The technology transfer industry is much younger than even the venture capital industry. Technology transfer arguably started in 1980, but most of the programs at large research institutions did not start until the mid-1990s. There is still a lot of learning to do, and there are very few institutions that are experienced enough to operate in a way that the VC firms would appreciate.

Enstrom: There is great variability by institution. Technology-focused organizations that are located on the East and West coasts tend to have very developed groups. They understand the markets well and recognize what it will cost to commercialize their IP.

Even if it is not directed at early-stage ventures, does the overall availability of capital increase the number of companies that are looking for investment?

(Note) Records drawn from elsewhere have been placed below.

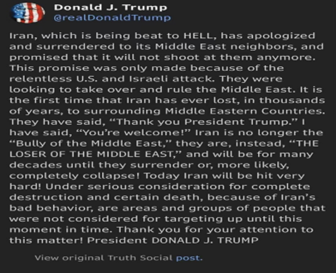 Pernyataan Donald Trump dalam unggahan di platform Truth Social, yang menyebut Iran sebagai “ The Loser of the Middle East” dan menggambarkan Iran sudah “menyerah” kepada negara-negara tetangganya, tidak menganggambarkan situasi geopolitik yang sedang terjadi. Emaridial Ulza menyebut pernyataan tersebut tidak lebih dari sekadar retorika politik dan bukan gambaran nyata dari Timur Tengah saat pertempuran berkecamuk.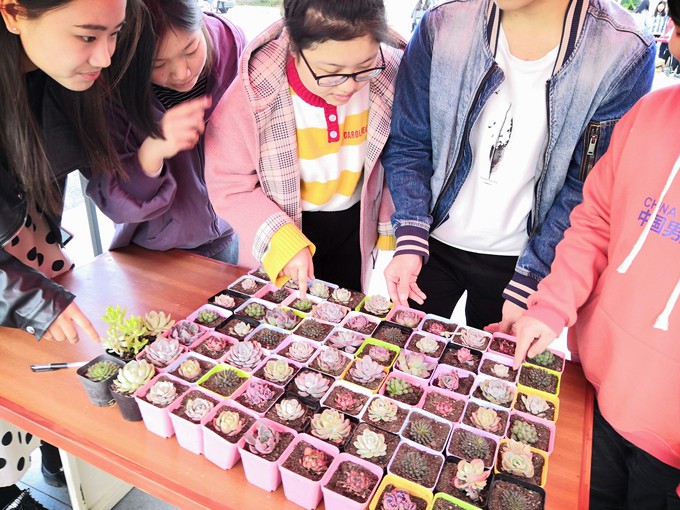 活动现场,百余盆多肉植物被摆放整齐等待同学们拿废旧纸盒前来换取。本次活动还安排了“环保盒子”签名活动,同学们纷纷在横幅上签下自己的名字,代表着对志愿活动的支持和重视。来自英日5171班的吴晓敏同学开心的说道:“环保盒子的志愿活动很有意义,既能让我们变废为宝增强环保意识,又能贡献自己的一份爱心。”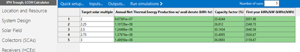 Then, on the Parametrics page, I tried a range of target solar multiple values between 2 and 3 with the following results:
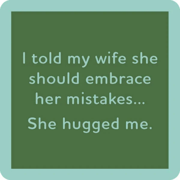 “I told my wife she should embrace her mistakes…She hugged me.”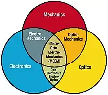 In 1993, Dr. Motamedi officially introduced MOEMS for the first time, as the powerful combination of MEMS and micro-optics, in an invited talk at the SPIE Critical Reviews of Optical Science and Technology conference in San Diego. In this talk Dr. Motamedi introduced the figure below, for showing that MOEMS is the interaction of three major microtechnologies; namely micro-optics, micromechanics, and microelectronics.[1]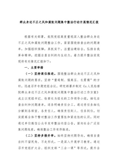 【七哥公文】2024年:群众身边不正之风和腐败问题集中整治行动开展情况汇报+更多免费公文+VX:QiGeGongWen2024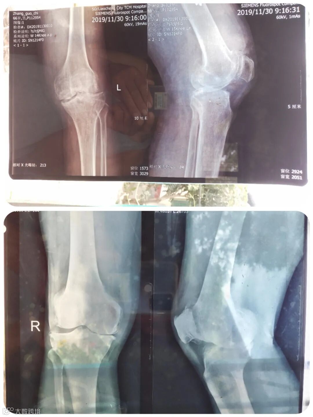 2019年11月30日,张国池老人在山东聊城中医院的膝关节影像及诊断书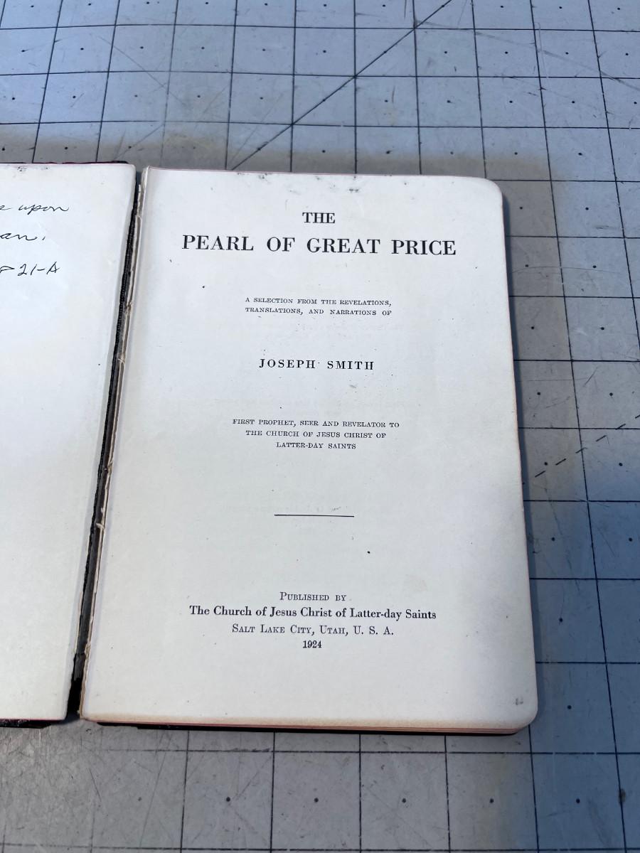 Pearl of Great Price Book 1924 Edition Publisher Church of Jesus Christ of Latter Day Saints, SLC UT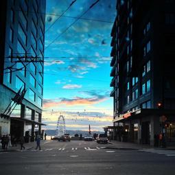 Keywords: seattle ferris wheel sunset architecture skyline tower building urban scenic scenery downtown metropolis buildings metropolitan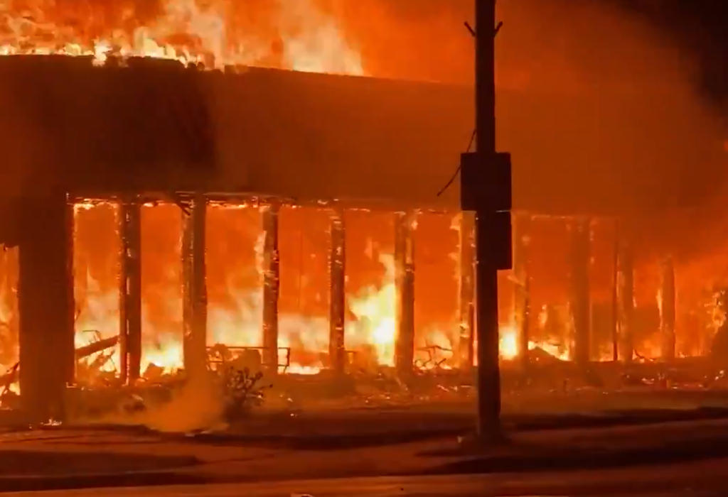 A closer look at just one of the buildings (the local furniture store) currently up in flames in Kenosha tonight: pic.twitter.com/2EvasISbN1

Watkins: Yes. Like everything else, this is a business of cycles. And in this cycle, the headline news is that there is plenty of money for medical technology investing. This encourages entrepreneurial teams to make their pitch. Due to the favorable environment, they think that even an idea they might have abandoned a couple of years ago might have a chance of getting funded. So there is a clear relationship between the amount of money that is available and the number of plans being presented. Back in 2001 and early 2002, there was not nearly the same level of capital available for investment that there is now, and entrepreneurial activity in the medical device industry was noticeably lower as a result.

Does this improve your range of investment options? Looking forward to next year, are there certain sectors that you find particularly attractive?

DeGheest: One problem is that some sectors are overserved. There is too much money chasing deals. Therefore, the valuation goes up, the quality of the return goes down, and the team gets split between different companies. The cardiac, orthopedic, neuro, and some ophthalmology sectors are ones that I would say are overfunded.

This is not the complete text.